Precision oncology emerged when genomics and new therapies converged. Genomics grew exponentially, fueled by next-generation sequencing, and gave insights into cancer physiology. This knowledge enabled the rational design of targeted therapies. Precision oncology draws from an understanding of cancer biology and an increasing collection of biomarkers and associated therapies to choose the best treatment for each patient.
Despite the undeniable success of precision oncology in multiple cancers, difficulties remain. Matching a cancer mutation to a single drug has limited utility. Many drugs that succeeded in phase I/II trials failed later phase III trials. Even for effective therapies, predicting who will benefit is difficult. Some have voiced concerns that precision oncology is not feasible outside a few well-publicized examples. Here we suggest a few ways to go forward.

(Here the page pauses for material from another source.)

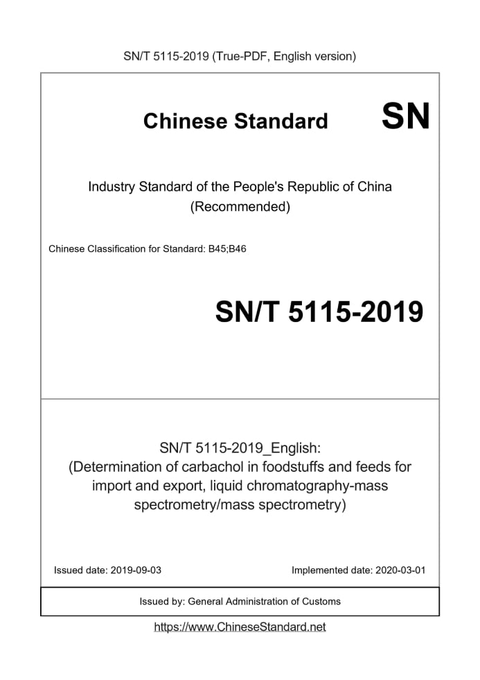 Delivery: <= 3 days. True-PDF full-copy in English will be manually translated and delivered via email. SN/T 5115-2019: (Determination of carbachol in foodstuffs and feeds for import and export, liquid chromatography-mass spectrometry/mass spectrometry) Status: Valid
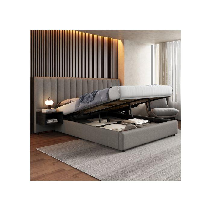 Gepolstertes Bett - MUVOE - 160 x 200 cm - Hydraulisch - 2 Nachttische - Integrierter Stauraum

In the first publication, we showed that it is not enough to consider pathogenic mutations of the EGFR gene to predict response to EGFR-directed treatment. Many patients present with concurrent mutations in other genes. Most of these mutations have no apparent effect on treatment response, but some can cause primary resistance via cellular pathways which bypass the drug's action. The second publication showed that lung adenocarcinoma with a low allelic frequency of the EGFR mutation is associated with shorter progression-free survival. The low allelic frequency is an indirect sign of subclonal expansion, meaning that the tumor is heterogeneous. Cancer cells which do not carry the mutation are less likely to respond to therapy.
The third work exemplified the use of copy number analysis in addition to DNA mutation testing. Based on an exceptional case, we presented a hypothesis to explain benefit from treatment with palbociclib and suggested how this can be applied in future trials. In the fourth publication, we developed a multi-cancer biomarker of liver metastasis from gene expression data. Pan-cancer biomarkers are difficult to identify but can reveal underlying biology. Gene expression biomarkers are particularly sensitive to batch effects and other sources of bias and are currently under-utilized.
Several challenges remain. As we showed in the first two publications, the cancer co-mutation patterns and tumor heterogeneity are challenges for the implementation of precision oncology. We believe that the accumulation of data, the integration of algorithmic decision support, and the implementation of new assays will help overcome these difficulties. In accordance with this view, our future projects are focused on biomarker discovery and tumor classification, most recently with the integration of single-cell RNA sequencing and digital pathology.